Task instructions: Starting at the line that contains "11月21日,中國科學院、中", reproduce only the lines through the end of the data, exactly, including both the first and the last; skip the pictures.

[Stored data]
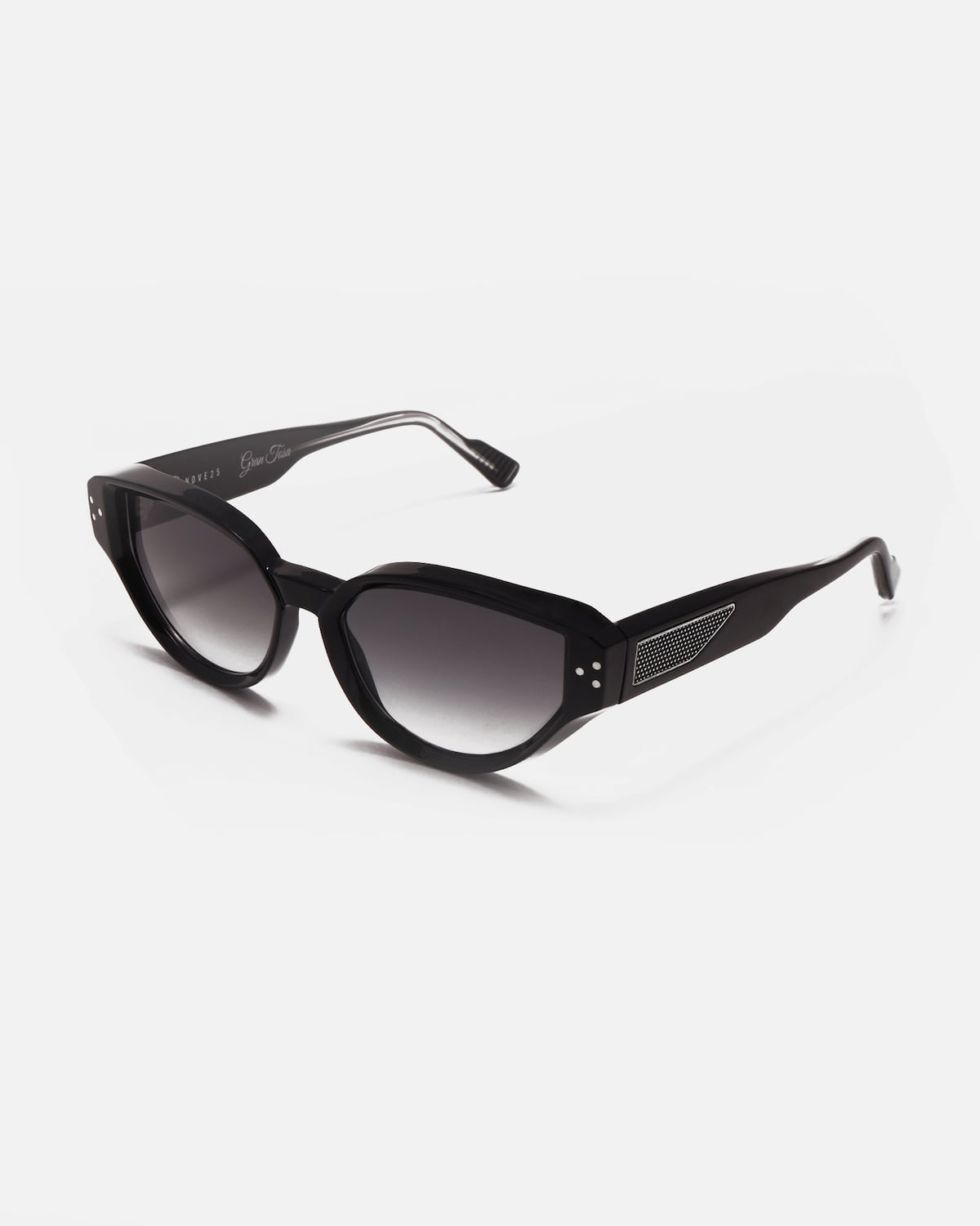 El modelo cat-eye está diseñado para ser la propuesta más fluida dentro de la cápsula. Los frisos de plata y la forma audaz de sus elementos dan un carácter fuerte al diseño, sin sacrificar la idea de elegancia que inspiró su perfil único y siempre reconocible.
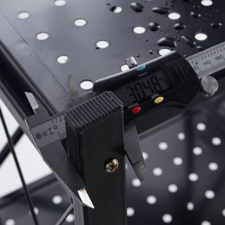 It's ideal for storing food, clothing, books, tools, or whatever else is utilizing space in your home, office, or workshop. A sturdy and slim design, with 4 easy-glide attachable wheels, which have a 360° rotation and a locking mechanism for added stability. The mesh grid on either end prevents objects from falling.
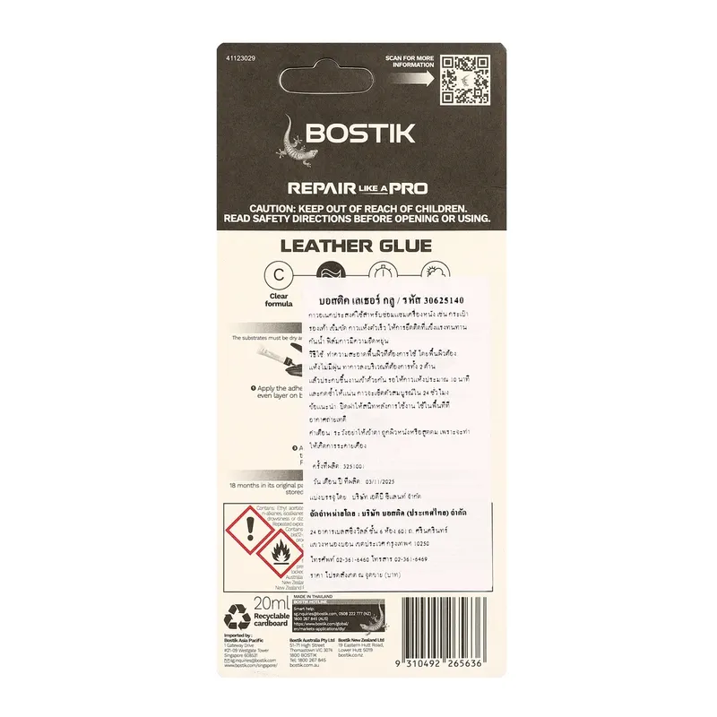 BOSTIK Leather Glue กาวติดหนังสีใส ขนาด 20 มล.
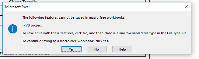 So if you create a new file from this template you have a VBProject, which can not be saved in a XLSX file, hence the error.
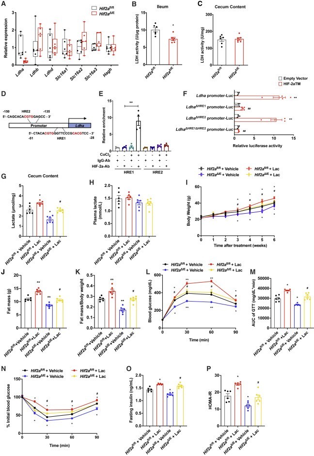 3、Hif2a通过调节Ldha的表达来调节肠道乳酸水平,同时给药乳酸治疗可以逆转Hif2aΔIE小鼠的有益作用
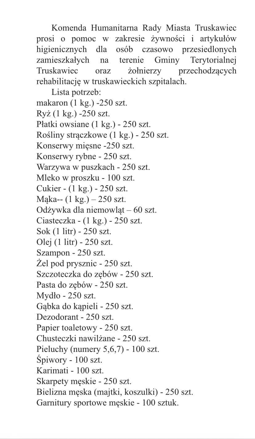 Komenda Humanitarna Rady Miasta Truskawiec prosi za pośrednictwem Eleny o pomoc w zakresie żywności i artykułów higienicznych dla osób czasowo przesiedlonych zamieszkałych na terenie Gminy Terytorialnej Truskawiec oraz żołnierzy przechodzących rehabilitację w truskawieckich szpitalach. Potrzebne są podstawowe artykuły żywnościowe, a także środki higieniczne oraz karimaty, śpiwory i dresy. Pełna liste zamieszczamy poniżej. Elena deklaruje, że zawiezie przekazane dary do Truskawca.
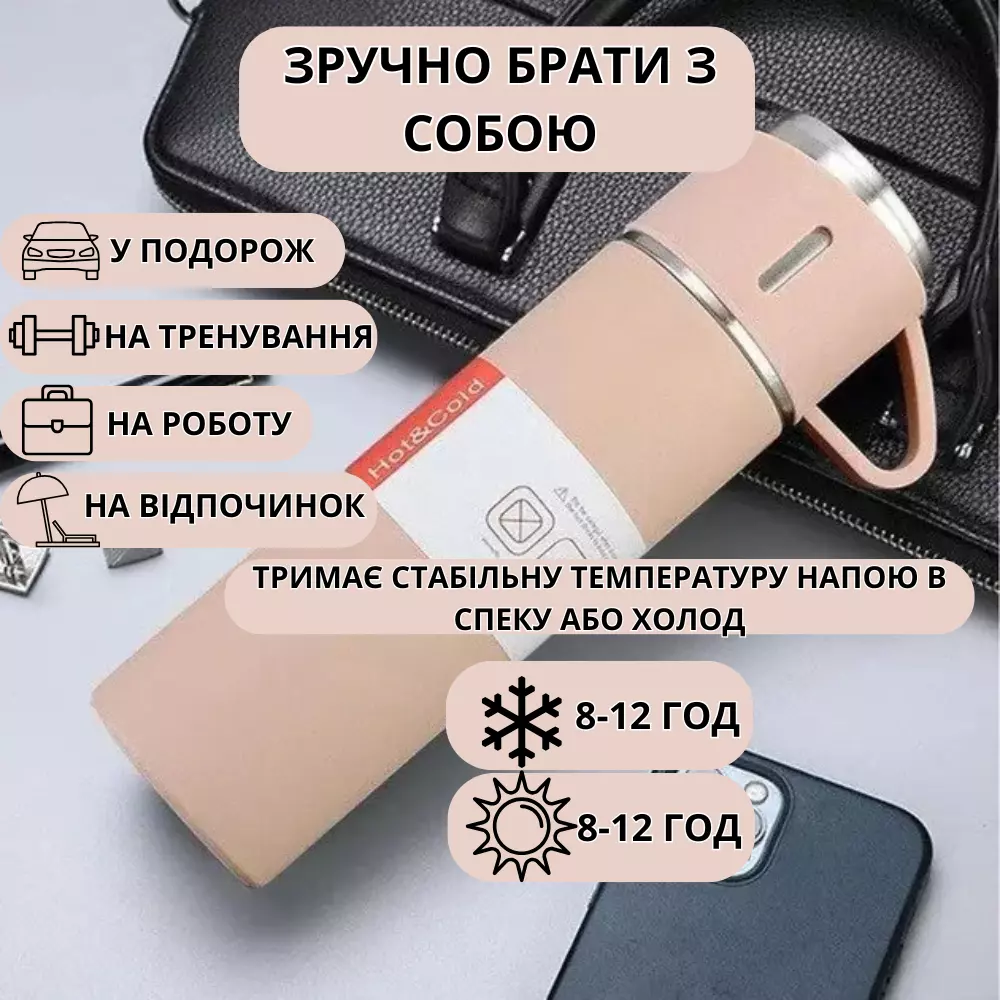 Подарунковий набір: вакуумний термос 500 мл з нержавіючої сталі з 3
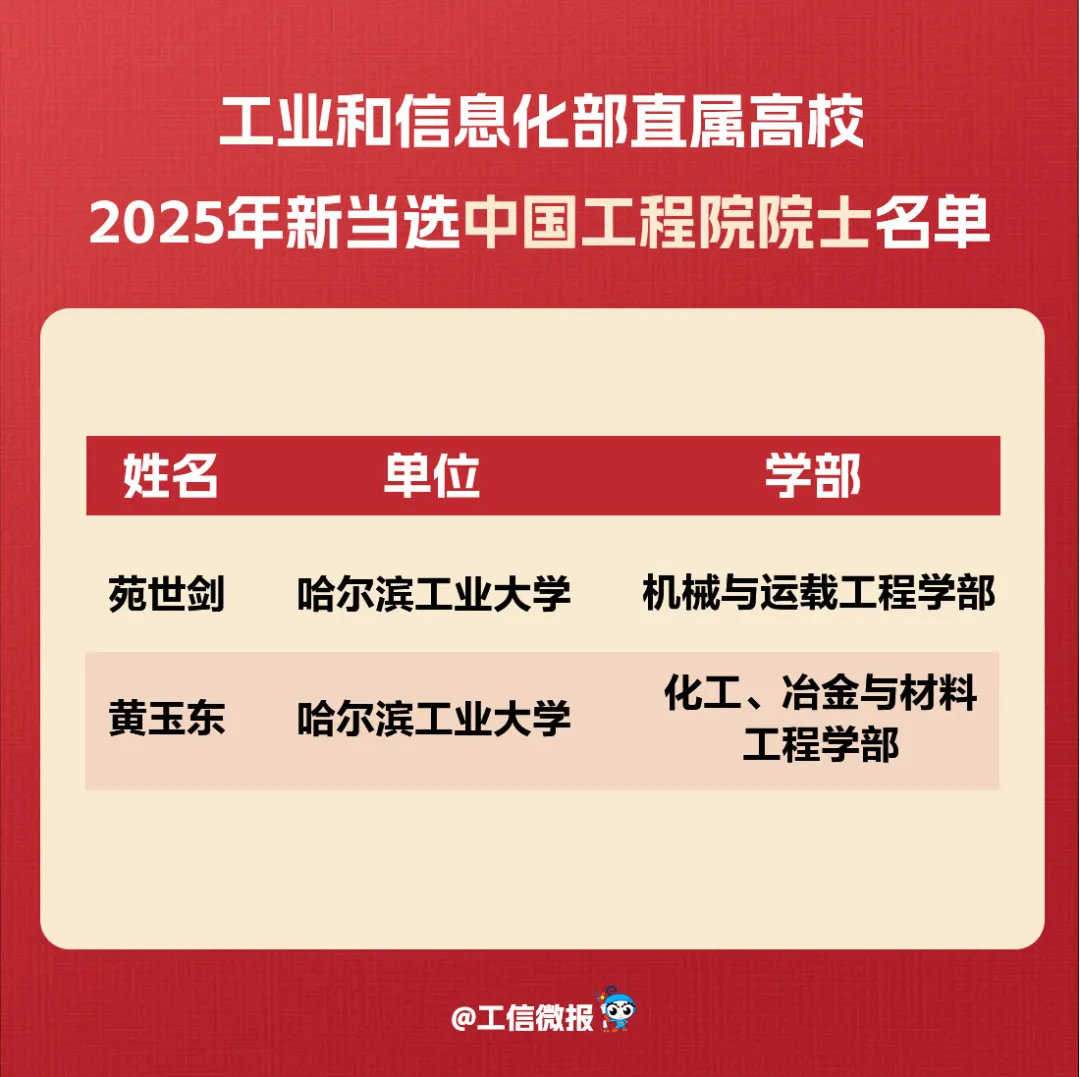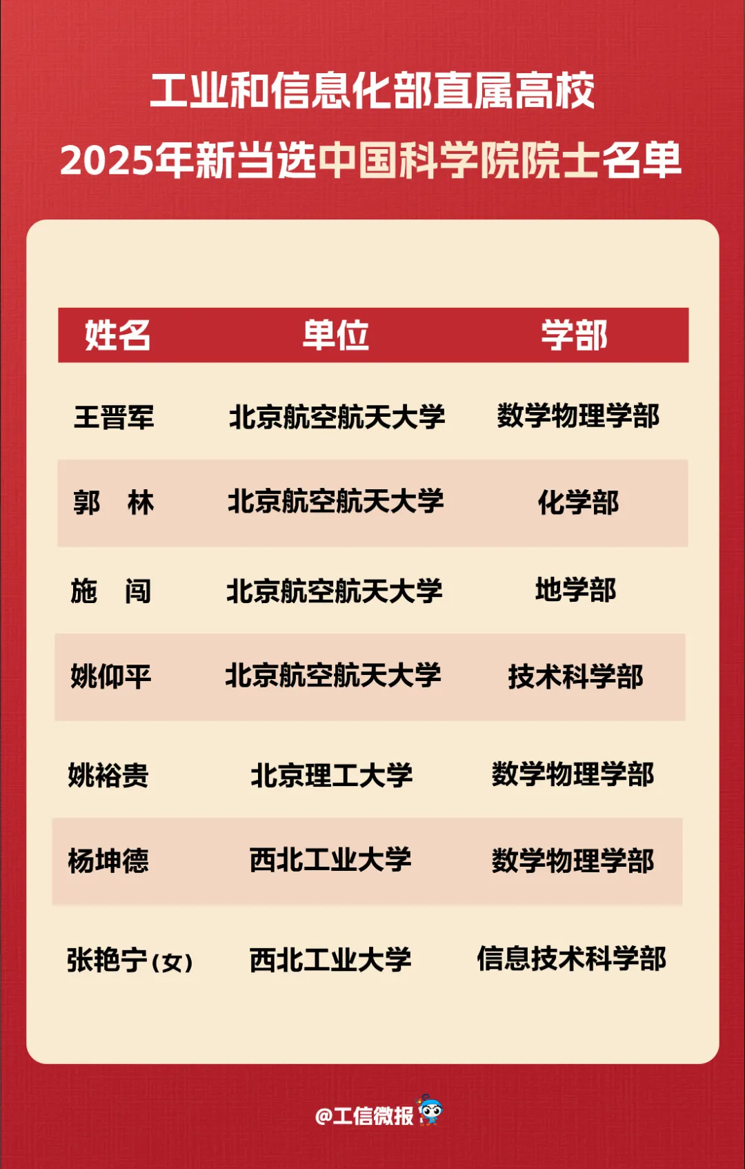 11月21日,中國科學院、中國工程院公布2025年院士增選結果,分別選舉產生中國科學院院士73人、中國工程院院士71人。工業和信息化部直屬高校共9人當選中國科學院、中國工程院院士,名單如下:
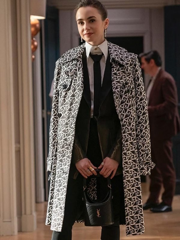 Lily Collins Emily In Paris Season 04 Emily Cooper Black And White Geometric Cotton Coat
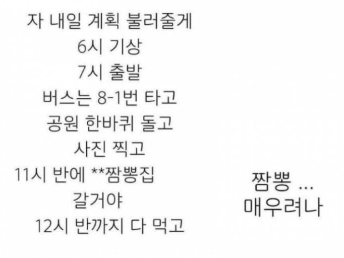 너 T야?라는 밈이 돌 정도로 최근 몇 년간 MBTI는 사람의 성향을 파악하거나 스스로를 드러내기에 적절한 도구로 작용된 것 같다. 그중에서도 가장 대표적인 성향파악 요소는 T와 F, J와 P의 대조이지 않을까. 이런 성향의 차이는 이번 제주여행을 준비하는 과정에서 비로소 절실히 실감할 수 있었는데, 인터넷 포털 사이트에서 쉽게 찾아볼 수 있는 이 짤처럼 P의 성향인 신랑과 J 성향인 나는 ‘여행준비’ 개념부터 천지차이였던 것.
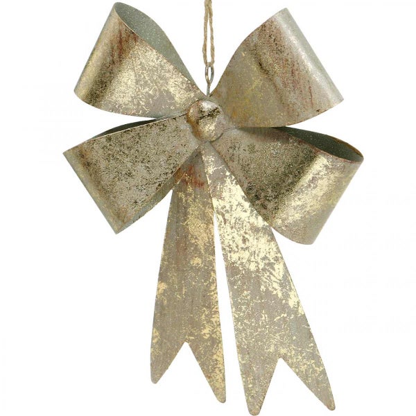 Schleife zum Hängen - Christbaumschmuck & Metalldeko - Antik-Optik, Golden H23cm B16cm

Response to this exercise:
 11月21日,中國科學院、中國工程院公布2025年院士增選結果,分別選舉產生中國科學院院士73人、中國工程院院士71人。工業和信息化部直屬高校共9人當選中國科學院、中國工程院院士,名單如下:
 Lily Collins Emily In Paris Season 04 Emily Cooper Black And White Geometric Cotton Coat
 너 T야?라는 밈이 돌 정도로 최근 몇 년간 MBTI는 사람의 성향을 파악하거나 스스로를 드러내기에 적절한 도구로 작용된 것 같다. 그중에서도 가장 대표적인 성향파악 요소는 T와 F, J와 P의 대조이지 않을까. 이런 성향의 차이는 이번 제주여행을 준비하는 과정에서 비로소 절실히 실감할 수 있었는데, 인터넷 포털 사이트에서 쉽게 찾아볼 수 있는 이 짤처럼 P의 성향인 신랑과 J 성향인 나는 ‘여행준비’ 개념부터 천지차이였던 것.
 Schleife zum Hängen - Christbaumschmuck & Metalldeko - Antik-Optik, Golden H23cm B16cm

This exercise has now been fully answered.